Okay, this is possibly one of the tough bumps along the road to becoming an author. You need to find people who will read and honestly critique your work. Preferably people who don't love you and feel an obligation to tell you how wonderful you are. How to find these people? We'll get to that in a minute.

But once you've found them, you need a really tough skin. You need to be able to take criticism and keep working. My husband told me, after about my millionth short story rejection, that I was a glutton for punishment. The thing is, you need to be persistent to reach any valuable goal. You also need to get your work out there and be prepared to be told it needs improvement. Be prepared to be rejected.

Resources for coping with rejection: NY Book Editors, Bulletproof Writer, and this rejection-relief map.


One of the best ways to network with other writers is to join a writing group. Check your community  for a group. If you're unable to find anything local, here's a list of writing groups by state or region. 

You can also connect with other writers at conferences and workshops. Both are useful places to form your own group with likeminded writers. It's useful to have a range of interests and genres represented in your writing group as well as a range of skills. 

Your writing group can serve as a source of inspiration and also potential critique partners. You will also find you can refer each other to useful events and websites as well as get the word out about each other's work.


A writer's platform is their public persona. It includes their online presence on social media, a blog or website, and their contributions to other websites. It can also include classes they teach and speaking engagements. It is basically a springboard for extending the reach of the books and stories they write and engaging with readers.

If you do not have a blog or website, consider starting one now. Considering creating social media pages dedicated to your work as an author. Bring readers along with you on your writers journey.

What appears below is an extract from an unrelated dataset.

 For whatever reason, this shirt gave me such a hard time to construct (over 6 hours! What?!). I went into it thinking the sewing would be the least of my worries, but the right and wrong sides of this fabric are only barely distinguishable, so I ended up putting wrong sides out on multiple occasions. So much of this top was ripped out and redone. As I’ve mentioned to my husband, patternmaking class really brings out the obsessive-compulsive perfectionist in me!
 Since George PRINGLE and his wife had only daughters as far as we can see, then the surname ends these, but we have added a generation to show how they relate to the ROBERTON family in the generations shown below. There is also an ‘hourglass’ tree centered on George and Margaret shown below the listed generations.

Finally, the fulfillment of your writing dream - publication. Actually, this is just another beginning. You'll now be doing marketing and discovering that you want to publish yet more stories or books. But who wants fulfilled dreams, right? Isn't the chasing of the dream the whole point?

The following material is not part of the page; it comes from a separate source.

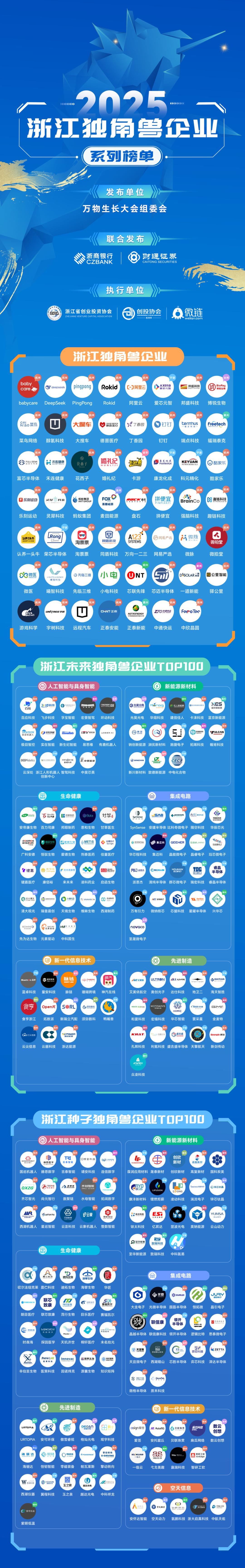 2025年4月24日下午,民建浙江省委会、浙江省工商联、中国投资发展促进会主办的第九届万物生长大会在杭州举办。会上,大会组委会联合战略合作伙伴浙商银行、财通证券首次发布浙江省独角兽企业系列榜单:浙江独角兽企业、浙江未来独角兽企业TOP100、浙江种子独角兽企业TOP100,全省发掘独角兽梯度企业。

But, I get ahead of myself. There are two basic ways to publish a novel, self-publishing and traditional publishing. Did I say two? Well, there's hybrid now, too. Where a traditional publisher handles the print books and you retain control over digital publishing. 

With self-publishing, you direct everything, from the writing of the book to the editing, title and cover creation, and the actual publication in print and digital form, usually through an online resource such as amazon. Since you manage it all, the royalty payments are much higher than with traditional publishing. However, your ability to market and distribute your book may not compare to that of a traditional publisher. 

To gain access to the big traditional publishers, you will need an agent. Smaller, regional or niche publishers can be approached directly. Your costs will be lower if you go with traditional publishers, but you will also have less control over your final product and will receive much lower percentages for your royalty payments. However, this can all be offset by the marketing expertise of the publishers and the increased sales. It's up to you to decide.

What have been some of your biggest hurdles for writing and some of your most rewarding experiences?